▸ Data extracts
☆ ☆ ☆ ☆

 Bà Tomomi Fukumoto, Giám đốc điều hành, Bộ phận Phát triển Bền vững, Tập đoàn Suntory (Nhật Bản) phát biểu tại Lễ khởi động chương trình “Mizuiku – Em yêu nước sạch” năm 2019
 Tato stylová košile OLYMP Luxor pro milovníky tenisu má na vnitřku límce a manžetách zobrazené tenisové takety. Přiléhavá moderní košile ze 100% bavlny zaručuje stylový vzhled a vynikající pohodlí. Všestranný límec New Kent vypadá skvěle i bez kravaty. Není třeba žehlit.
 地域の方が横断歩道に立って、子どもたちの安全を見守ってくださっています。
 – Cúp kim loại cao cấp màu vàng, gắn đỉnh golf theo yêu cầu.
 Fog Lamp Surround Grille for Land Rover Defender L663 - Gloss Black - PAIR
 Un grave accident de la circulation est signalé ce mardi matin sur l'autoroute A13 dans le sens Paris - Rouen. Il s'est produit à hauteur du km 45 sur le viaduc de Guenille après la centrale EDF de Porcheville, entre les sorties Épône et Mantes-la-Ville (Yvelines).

☆ ☆ ☆ ☆

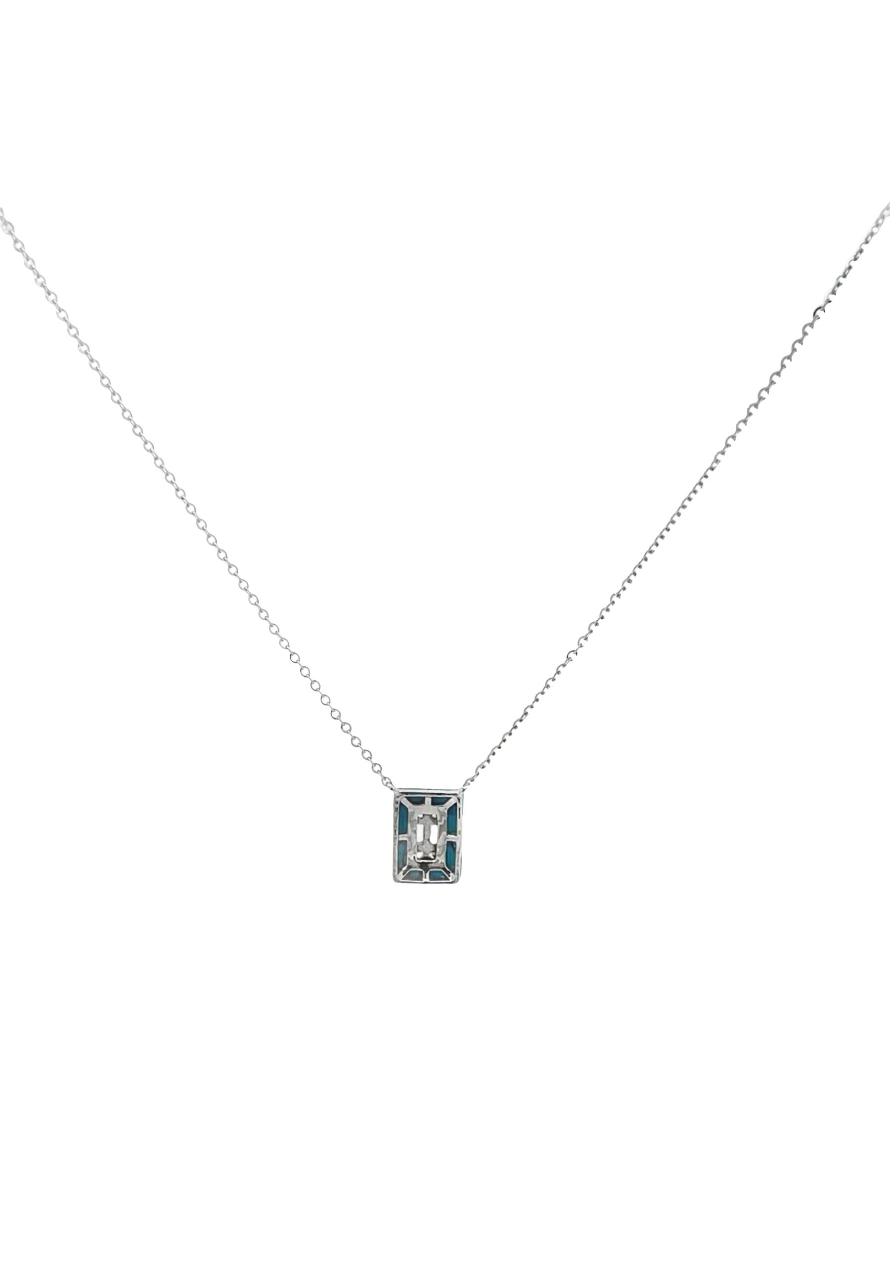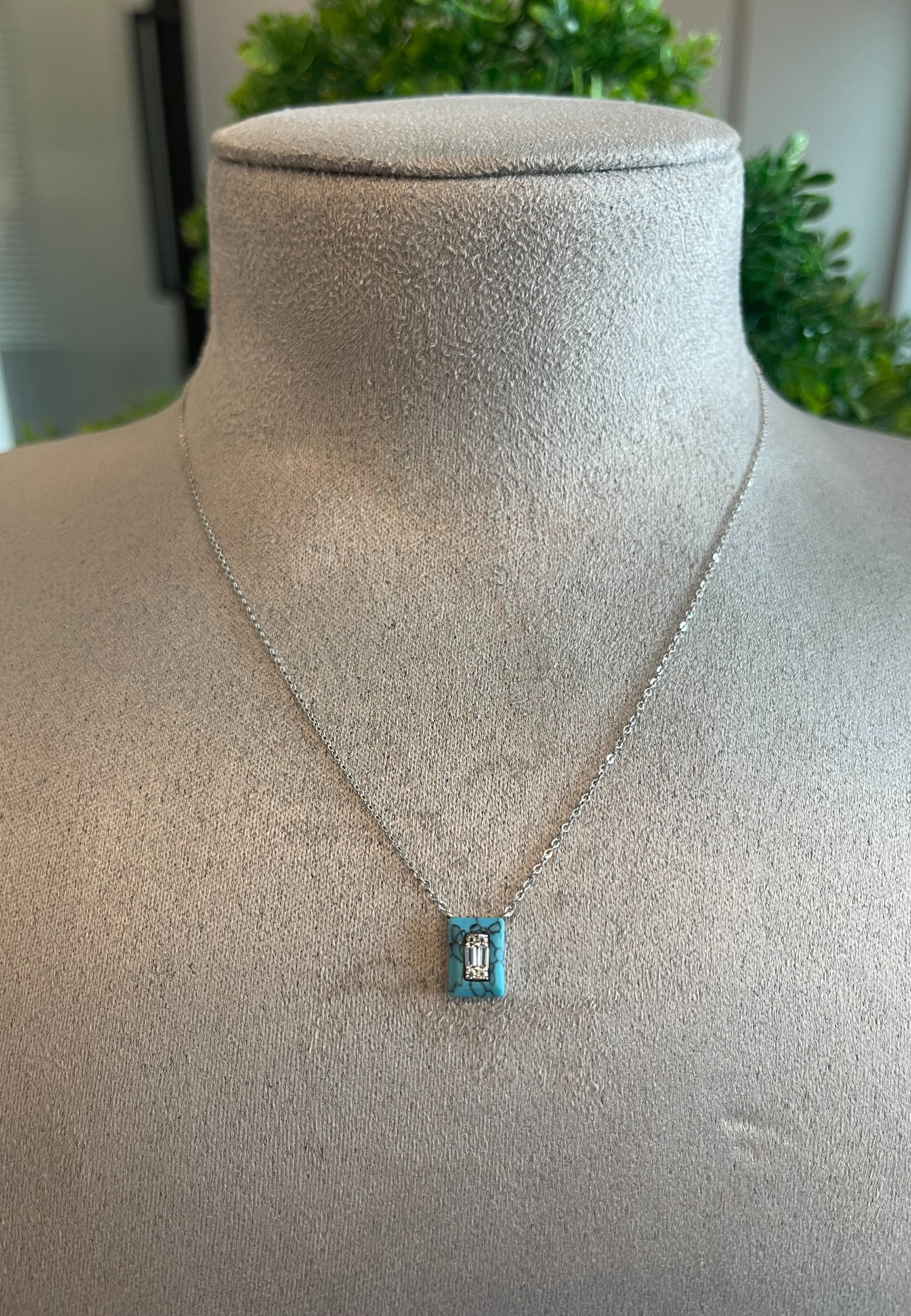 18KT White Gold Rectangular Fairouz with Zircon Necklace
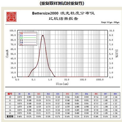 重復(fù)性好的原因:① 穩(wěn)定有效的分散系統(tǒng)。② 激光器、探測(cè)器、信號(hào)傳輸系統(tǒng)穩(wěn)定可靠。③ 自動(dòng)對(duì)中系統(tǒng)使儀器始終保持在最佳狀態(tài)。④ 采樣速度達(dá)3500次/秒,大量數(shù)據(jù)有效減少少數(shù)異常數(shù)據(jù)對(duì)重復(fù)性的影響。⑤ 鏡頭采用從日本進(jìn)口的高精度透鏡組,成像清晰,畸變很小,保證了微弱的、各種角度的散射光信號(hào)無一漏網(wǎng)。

☆ ☆ ☆ ☆

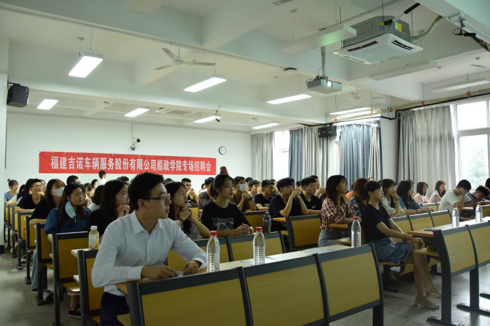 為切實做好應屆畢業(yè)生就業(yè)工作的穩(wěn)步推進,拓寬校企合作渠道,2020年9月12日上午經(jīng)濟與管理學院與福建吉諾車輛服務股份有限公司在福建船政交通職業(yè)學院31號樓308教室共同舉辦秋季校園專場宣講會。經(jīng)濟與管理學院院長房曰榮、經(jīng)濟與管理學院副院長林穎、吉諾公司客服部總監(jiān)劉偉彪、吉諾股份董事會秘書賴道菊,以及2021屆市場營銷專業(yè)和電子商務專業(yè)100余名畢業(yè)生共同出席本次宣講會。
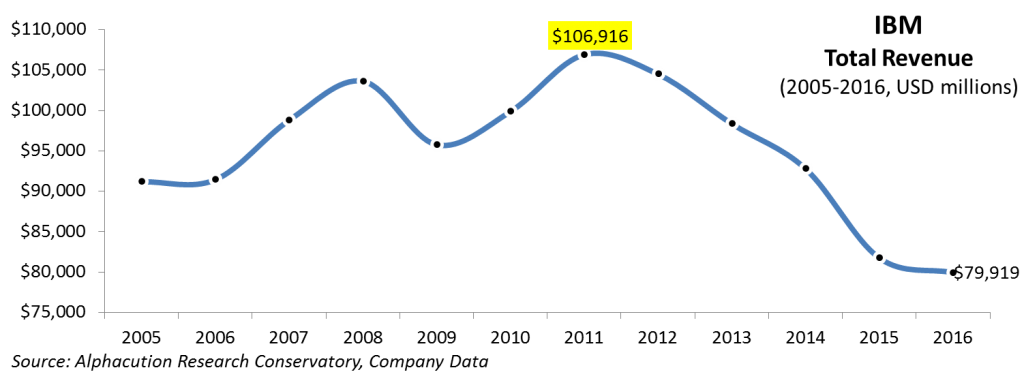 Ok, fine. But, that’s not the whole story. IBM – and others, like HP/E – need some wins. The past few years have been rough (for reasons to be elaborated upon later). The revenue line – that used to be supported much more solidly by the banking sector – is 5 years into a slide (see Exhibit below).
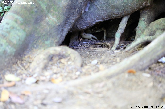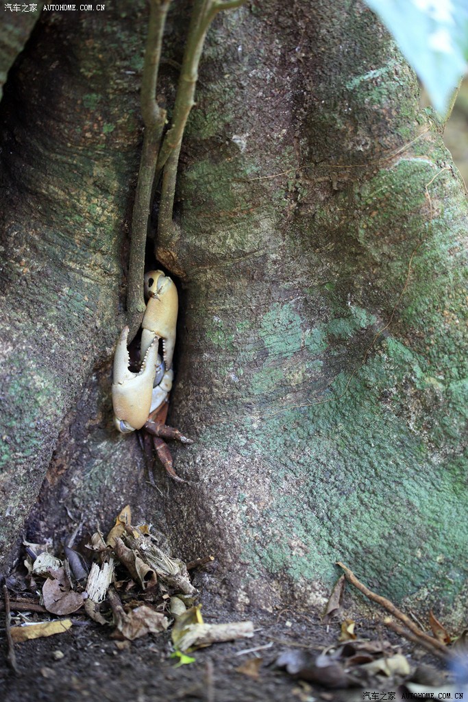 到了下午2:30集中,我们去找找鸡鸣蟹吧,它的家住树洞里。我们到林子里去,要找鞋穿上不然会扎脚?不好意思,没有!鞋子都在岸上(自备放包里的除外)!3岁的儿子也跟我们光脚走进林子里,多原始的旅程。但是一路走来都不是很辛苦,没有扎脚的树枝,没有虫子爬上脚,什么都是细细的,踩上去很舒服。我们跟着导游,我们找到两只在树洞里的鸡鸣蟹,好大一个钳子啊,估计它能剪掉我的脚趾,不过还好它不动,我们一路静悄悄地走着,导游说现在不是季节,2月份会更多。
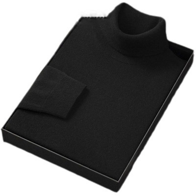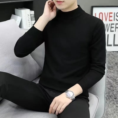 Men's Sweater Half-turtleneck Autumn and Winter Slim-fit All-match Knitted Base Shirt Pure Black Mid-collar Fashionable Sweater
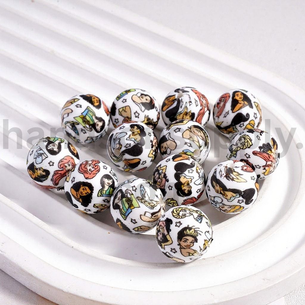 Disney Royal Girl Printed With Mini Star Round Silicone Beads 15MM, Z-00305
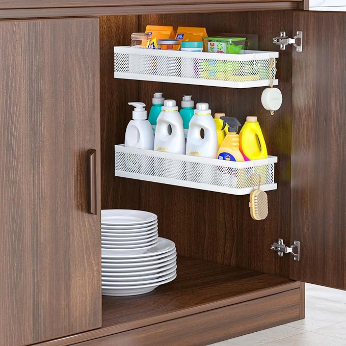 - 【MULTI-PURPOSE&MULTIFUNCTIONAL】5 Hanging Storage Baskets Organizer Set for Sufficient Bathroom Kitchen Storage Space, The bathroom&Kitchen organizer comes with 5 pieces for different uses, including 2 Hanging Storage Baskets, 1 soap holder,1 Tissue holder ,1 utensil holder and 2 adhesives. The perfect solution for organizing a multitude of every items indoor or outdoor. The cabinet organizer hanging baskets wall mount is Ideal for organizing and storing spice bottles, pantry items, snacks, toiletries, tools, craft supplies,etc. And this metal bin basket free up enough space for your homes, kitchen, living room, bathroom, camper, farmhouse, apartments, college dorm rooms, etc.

☆ ☆ ☆ ☆

Of all the entries above, retype exactly the lines from the line with "地域の方が横断歩道に立って、子どもたちの安全を見守ってくださっています。" to the line with "Un grave accident", both included, and no others.

▸ Answer box
 地域の方が横断歩道に立って、子どもたちの安全を見守ってくださっています。
 – Cúp kim loại cao cấp màu vàng, gắn đỉnh golf theo yêu cầu.
 Fog Lamp Surround Grille for Land Rover Defender L663 - Gloss Black - PAIR
 Un grave accident de la circulation est signalé ce mardi matin sur l'autoroute A13 dans le sens Paris - Rouen. Il s'est produit à hauteur du km 45 sur le viaduc de Guenille après la centrale EDF de Porcheville, entre les sorties Épône et Mantes-la-Ville (Yvelines).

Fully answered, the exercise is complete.